§ **Activity**
Locate "Antique French Louis" in the records below, then copy its line and every following line exactly, without the pictures.

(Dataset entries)
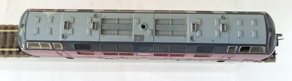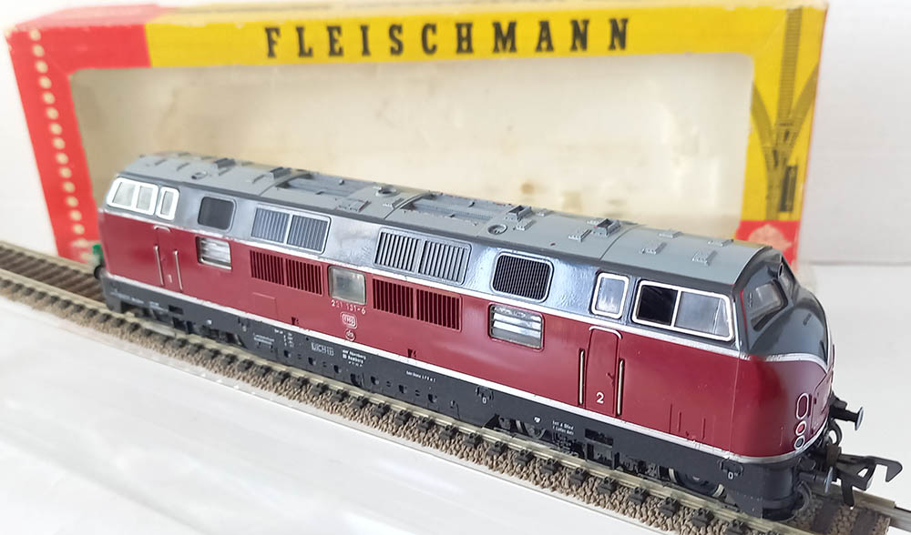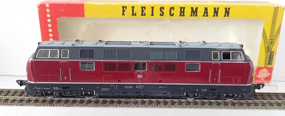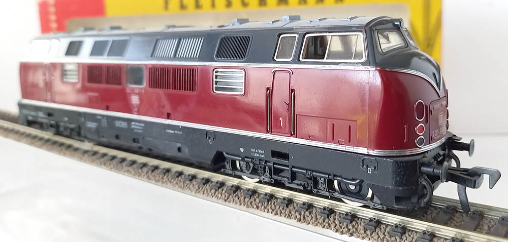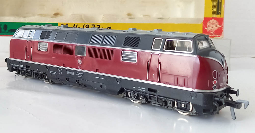 Dieselloc serie V200 van de Duitse Spoorwegen. Kunststof, rood/zwart, grijs dak, drielicht frontver-lichting wisselend met de rijrichting. Goede staat in (gehavende) verpakking.
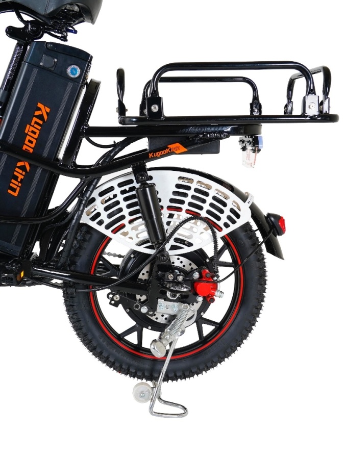 Kugoo Kirin V3 Max - это электровелосипед, который может использоваться в качестве средства доставки. Он имеет максимальную скорость 45 км/ч и запас хода до 40 км. Грузоподъемность составляет 100 кг, что достаточно для большинства курьеров. Степень защиты IP54 означает, что велосипед устойчив к брызгам воды. Вес устройства составляет 41.7 кг, что позволяет сохранять устойчивость на дороге. На задней части устройства расположено дополнительное сиденье предназначенное для перевозки пасажира.
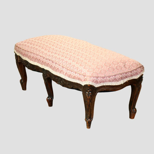 Antique French Louis XV Carved Walnut & Upholstered Stool 19thC
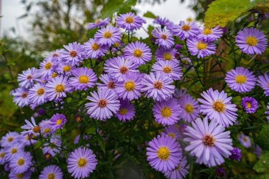 Wallpaper Purple flowers of a saintbrinka in a flowerbed in autumn
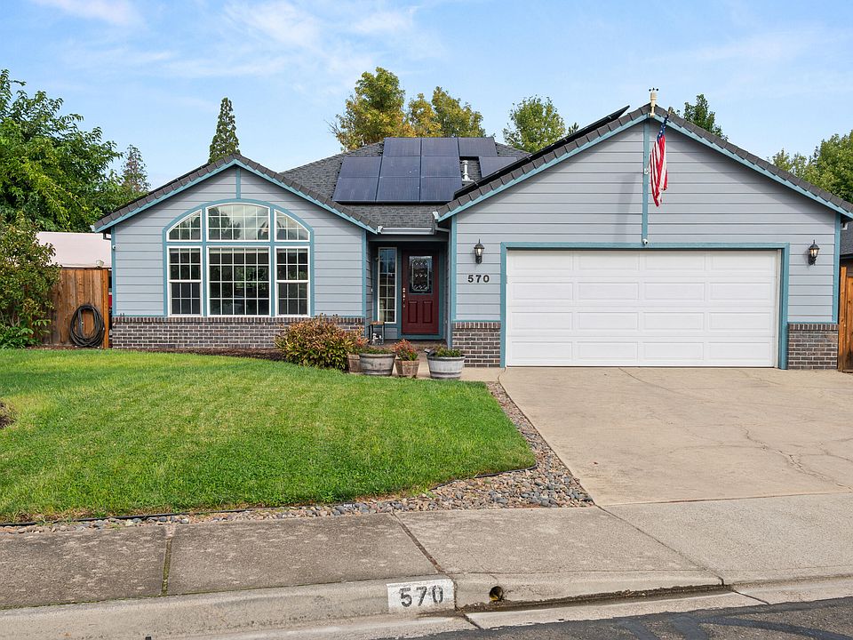 Welcome to this stunning maintained 2001 built home in premier Central Point Subdivision cul-de-sac. Boasting 1748 sq. ft of well designed living space. Large .36 acre of a lot, along side Jackson Creek, 2 car garage and large oversized RV adjoining property to the West Side. (Graveled Area) Solar System owned - Enjoy very small power bill. Open floor plan featuring a great room with vaulted and coffered ceilings. Laminate floor, kitchen remodeled in 2019 adding granite counter tops, butcher block on island. Tons of cabinetry and countertops. Large eating area open and bright to large windows out to the back. Relaxing master suit including walk in closet, double vanities. Covered patio leading to lg private fenced backyard. Don't miss out on this wonderful, maintained home and the opportunity to own. Priced to sell. Call soon for your private tour.

§ **Exercise response**
 Antique French Louis XV Carved Walnut & Upholstered Stool 19thC
 Wallpaper Purple flowers of a saintbrinka in a flowerbed in autumn
 Welcome to this stunning maintained 2001 built home in premier Central Point Subdivision cul-de-sac. Boasting 1748 sq. ft of well designed living space. Large .36 acre of a lot, along side Jackson Creek, 2 car garage and large oversized RV adjoining property to the West Side. (Graveled Area) Solar System owned - Enjoy very small power bill. Open floor plan featuring a great room with vaulted and coffered ceilings. Laminate floor, kitchen remodeled in 2019 adding granite counter tops, butcher block on island. Tons of cabinetry and countertops. Large eating area open and bright to large windows out to the back. Relaxing master suit including walk in closet, double vanities. Covered patio leading to lg private fenced backyard. Don't miss out on this wonderful, maintained home and the opportunity to own. Priced to sell. Call soon for your private tour.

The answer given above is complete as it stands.